Hillary Clinton sought to wrest the spotlight from the Republican National Convention on Monday, by taking her own campaign to Ohio and telling civil rights activists that Donald Trump cannot become president.
Speaking at the NAACP convention in Cincinnati as the Republican jamboree opened a five-hour drive up the road, Clinton announced a nationwide drive to register millions of new voters to stop Trump.
The former secretary of state, who swept to victory in the Democratic primaries thanks to support from African Americans, painted her billionaire opponent as a threat to democracy, who lacks a policy platform and whose company refused to rent to blacks in the 1970s.
"Donald Trump plays coy with white supremacists. Donald Trump insults Mexican immigrants... Donald Trump demeans women. Donald Trump wants to ban an entire religion from entering our country and Donald Trump loves to talk to the press," she said.
Trump is to be anointed as Republican presidential nominee at the four-day convention in Cleveland by the party once led by Abraham Lincoln, the president who abolished slavery in the 19th century.
Clinton told the conference of the National Association for the Advancement of Colored People, which Trump declined to address, that the Republicans were becoming the party of Trump.
"It is a threat to our democracy and it all adds up to an undeniable conclusion... Donald Trump cannot become president," she said to huge applause and delegates leaping to their feet.
"That's why we've got to work together to get the vote out this fall," she said, announcing a nationwide drive to get three million people registered to vote in the November 8 general election.

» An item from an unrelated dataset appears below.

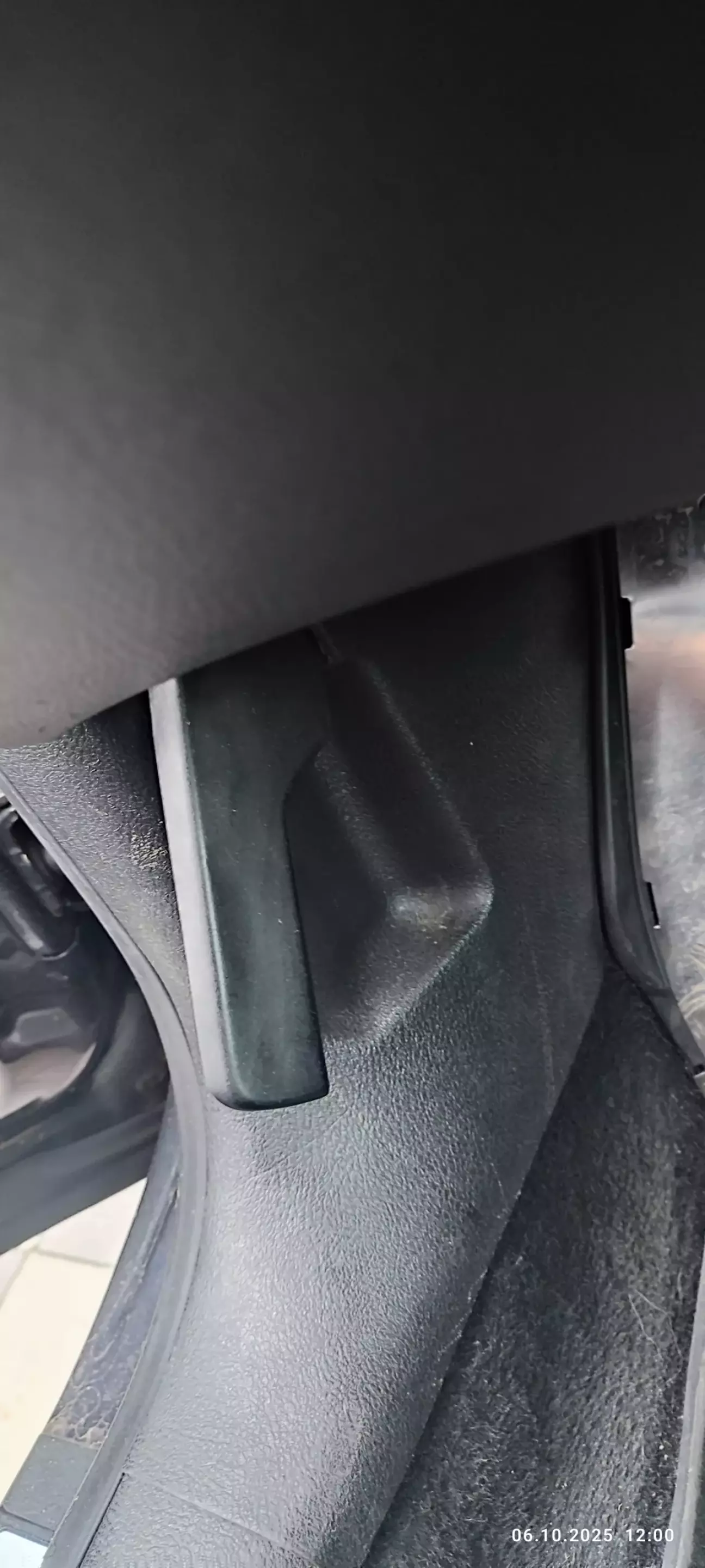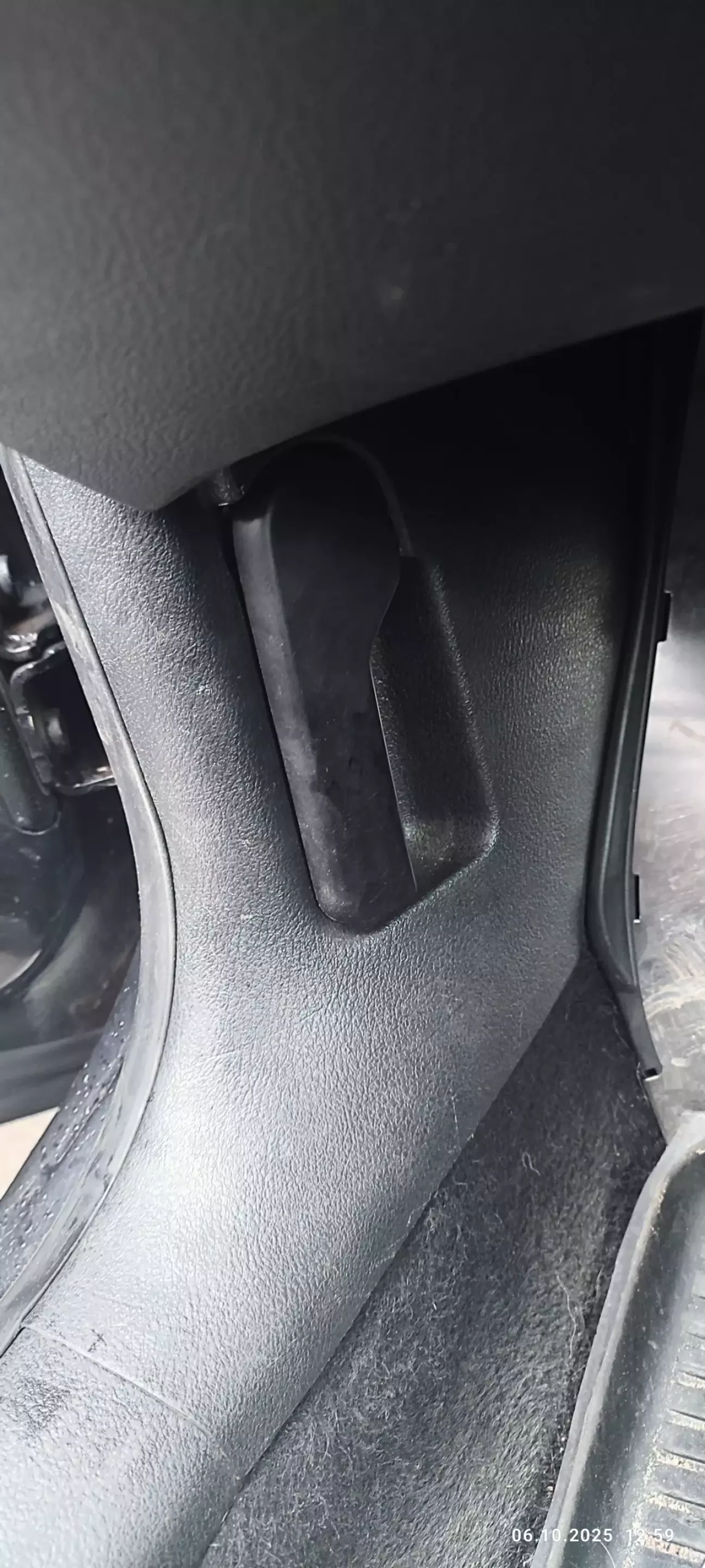 Знімаю пластик в ногах. Для цього треба витягти фіксатор з ручки, спереду є щілина, туди засовуємо плоску викрутку, витягуємо фіксатор та тягнемо ручку вперед по осі; після того - знімаю пластик, він на 2х металевих кліпсах. і от картина така
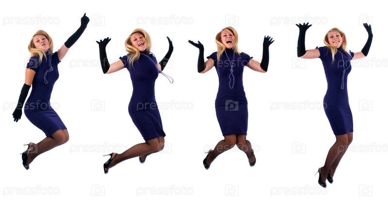 Красивая женщина прыгает от радости, изолированная на белом фоне

It is customary for presidential candidates to address the NAACP convention but the presumptive Republican nominee snubbed an invitation to speak at the Cincinnati event.
The Trump campaign gave no reason, as the candidate's wife Melania prepared to take the stage at the Republican convention later Monday, just 250 miles (400 kilometers) away in the same state.
- 'Madness has to stop' -
Ohio is a key battleground state and Trump lost the Republican primary to Governor John Kasich. But a recent NBC News poll put Clinton and Trump tied at 39 percent with 21 percent of voters undecided.
The former US secretary of state used much of her speech to call for criminal justice reform, an end to systemic racism and to denounce the killing of police officers as totally unjustified.
"This madness has to stop," she said in reference to the attack Sunday that killed three police officers in Baton Rouge, Louisiana.
"We have difficult, painful, essential work ahead of us to repair the bonds between our police and our communities, and between and among each other," she added.
"The next president should make the commitment to fight for the reforms we so desperately need, holding police departments like Ferguson accountable," she said to deafening applause.
The 2014 shooting of an unarmed black teenager by a white police officer in Ferguson, Missouri, unleashed widespread protests, some violent, about fatal police shootings. The decision not to indict the police officer prompted more protests across the country.
Founded in 1909, the NAACP is America's oldest and largest civil rights organization, campaigning to end racial discrimination.
Her voice cracking with emotion, Clinton also read from the Facebook post of Montrell Jackson, one of the officers killed in Louisiana on Sunday, who spoke of his hurt at being met with hostility when on duty, and viewed as a threat -- as a black man -- when out of uniform.
"We have to heal the divides that remain, make the United States what it should be -- stronger and fairer, more opportunity for every one of our people," she said.
The NAACP gave her a warm welcome on Monday. Members of the audience expressed disappointment that Trump chose to stay away and said Clinton appeared to be the candidate best suited to ending inequality.